Others have raised this issue before in other threads. Most pros do go with a smaller size frame than what is expected. Pros want to get as aero as possible in their positioning so by choosing say one size smaller they effectively lower the head tube height & are able to get a lower position. 

Basso's bike was just featured & he's 6ft tall riding a 56.5 top tube with a 140mm stem. Its no surprise that most pro's use really long stems to get the proper reach on an undersized frame.


----------



## WAZCO (Sep 16, 2004)

gamara said:


> Others have raised this issue before in other threads. Most pros do go with a smaller size frame than what is expected. .

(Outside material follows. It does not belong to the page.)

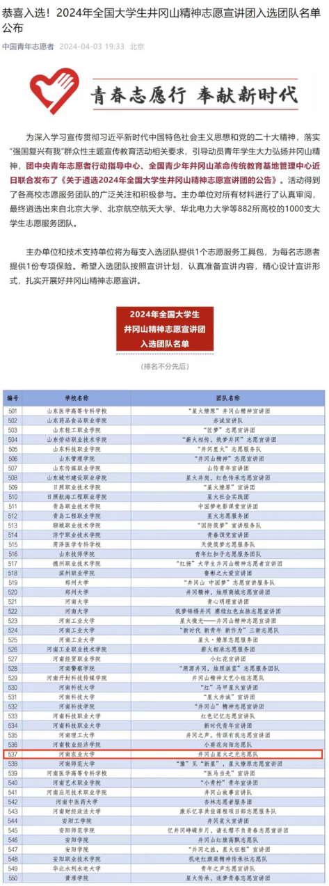 团中央青年志愿者行动指导中心、全国青少年井冈山革命传统教育基地管理中心近日联合发布了《关于遴选2024年全国大学生井冈山精神志愿宣讲团的公告》,H动画井冈山星火之光志愿队成功入选,是此次志愿宣讲招募活动中我校唯一一支入选团队。
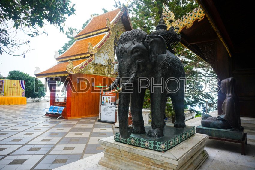 Elephant statue at The gold Temple in Wat Prathat Doi Suthep, Thailand

Yes, I'm aware of pro riding smaller bikes that but both of Schlecks seem to rider much smaller bikes than others. Maybe it appears smaller because they're so freakin skinny? You'll see in other picts that saddle looks so much higher than others too. Maybe it's all just an optical elusion?


----------



## Lumbergh (Aug 19, 2005)

there's also the stiffness factor - smaller bikes are stiffer - less material, etc.


----------



## 56cbr600rr (Sep 24, 2009)

I believe he's on a 56 s works; which has 56.5 tt. Same as I ride at 5 11 and 34.5 inch inseam.


----------